HN Ask posts comments average: 10.39
HN Show posts comments average: 4.89


**On average HN Ask posts get roughly 2.5 times more comments than HN Show posts.**

That said we'll focus our analysis in the **HN Ask** posts.

## Determining time distribution
How do HN Ask posts (and their comments) distribute over the hours of the day?

In [18]:
import datetime as dt

date_format = '%m/%d/%Y %H:%M'

# Count comment by date
comments_by_date = []

for post in hn_ask_posts:
    date_str = post[cols['created_at']]
    comments = float(post[cols['num_comments']])
    
    comments_by_date.append([date_str, comments])
    
posts_by_hour = {}
comments_by_hour = {}

# Count posts and comments by hour
for elem in comments_by_date:
    date_str = elem[0]
    date = dt.datetime.strptime(date_str, date_format)
    hour = date.strftime('%H')
        
    comments = elem[1]
    
    if hour in posts_by_hour:
        posts_by_hour[hour] += 1
        comments_by_hour[hour] += comments
    else: 
        posts_by_hour[hour] = 1
        comments_by_hour[hour] = comments
    
# Calculate average comment by hour
avg_comments_by_hour = {}

for hour in posts_by_hour:
    posts = posts_by_hour[hour]
    comments = comments_by_hour[hour]
    
    average = comments / posts
    
    avg_comments_by_hour[hour] = average
    
# Swap and sort results
avg_comments_by_hour_swap = {}

for hour in avg_comments_by_hour:
    average = avg_comments_by_hour[hour]
    avg_comments_by_hour_swap[average] = hour

    
sorted_averages = sorted(avg_comments_by_hour_swap, reverse=True)

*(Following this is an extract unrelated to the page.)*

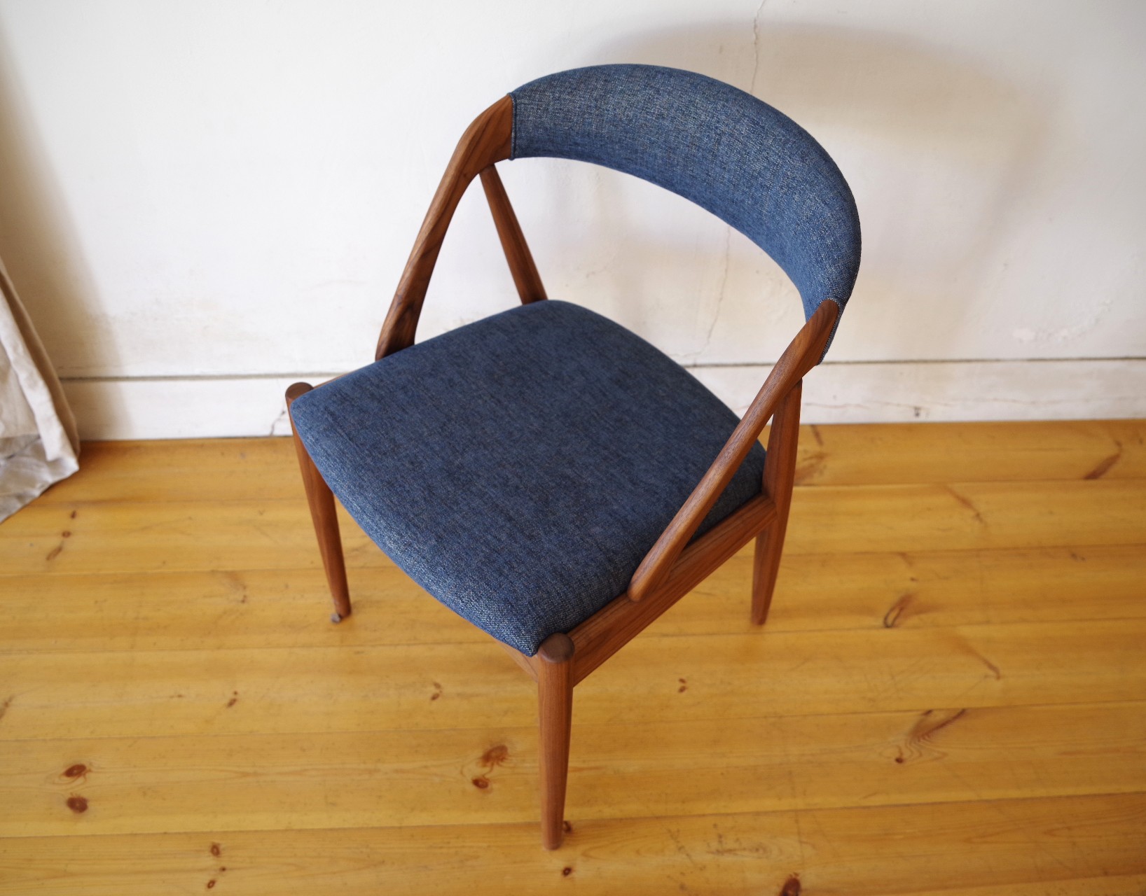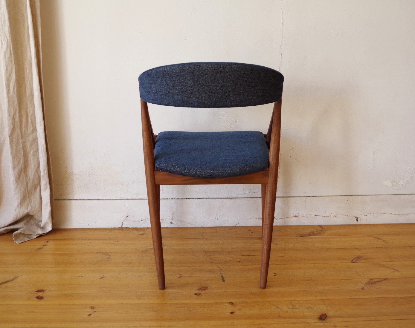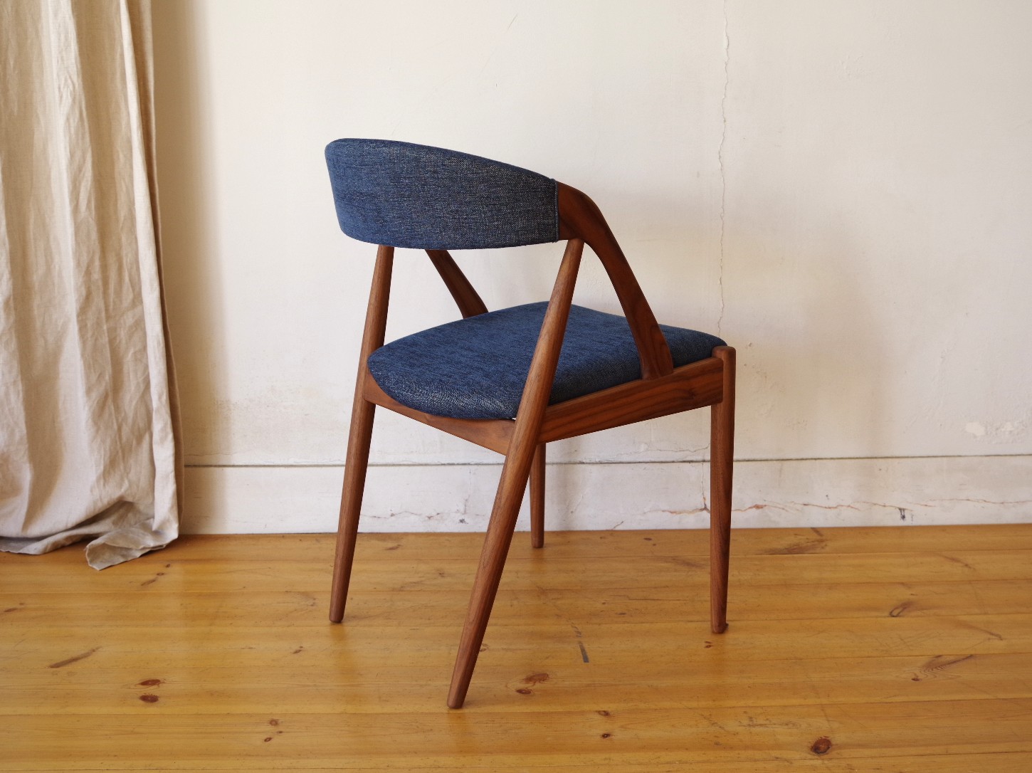 デンマークのデザイナー カイ・クリスチャンセンが1956年にデザインしたNV-31チェアをベースに、2014年に日本の宮崎椅子製作所よりHANDYチェアとして正規に復刻されたモデルです。弧を描いた背もたれが背中をやさしく包んでくれて心地良いです。その背もたれがそまま座枠まで下りてきて横から見ると三角形に組まれています。トラス構造と呼ばれ見た目の美しさもありますが、高度な技術が必要とされ強度も保つことができます。座面の高さがオリジナルサイズの45cmのハイタイプと日本人向けの42cmのロータイプが用意されています。

avg_comments_by_hour_result = {}

for average in sorted_averages:
    hour = avg_comments_by_hour_swap[average]
    avg_comments_by_hour_result[hour] = average
    
print('Sorted average comments by hour\n')
for hour in avg_comments_by_hour_result:
    average = avg_comments_by_hour_result[hour]
    print('{0}:00 : {1:.2f}'.format(hour, average))
    






    
    


Sorted average comments by hour

15:00 : 28.68
13:00 : 16.32
12:00 : 12.38
02:00 : 11.14
10:00 : 10.68
04:00 : 9.71
14:00 : 9.69
17:00 : 9.45
08:00 : 9.19
11:00 : 8.96
22:00 : 8.80
05:00 : 8.79
20:00 : 8.75
21:00 : 8.69
03:00 : 7.95
18:00 : 7.94
16:00 : 7.71
00:00 : 7.56
01:00 : 7.41
19:00 : 7.16
07:00 : 7.01
06:00 : 6.78
23:00 : 6.70
09:00 : 6.65


## Conclusions
The HN Ask posts who get the greatest average of comments are between 12PM to 15PM.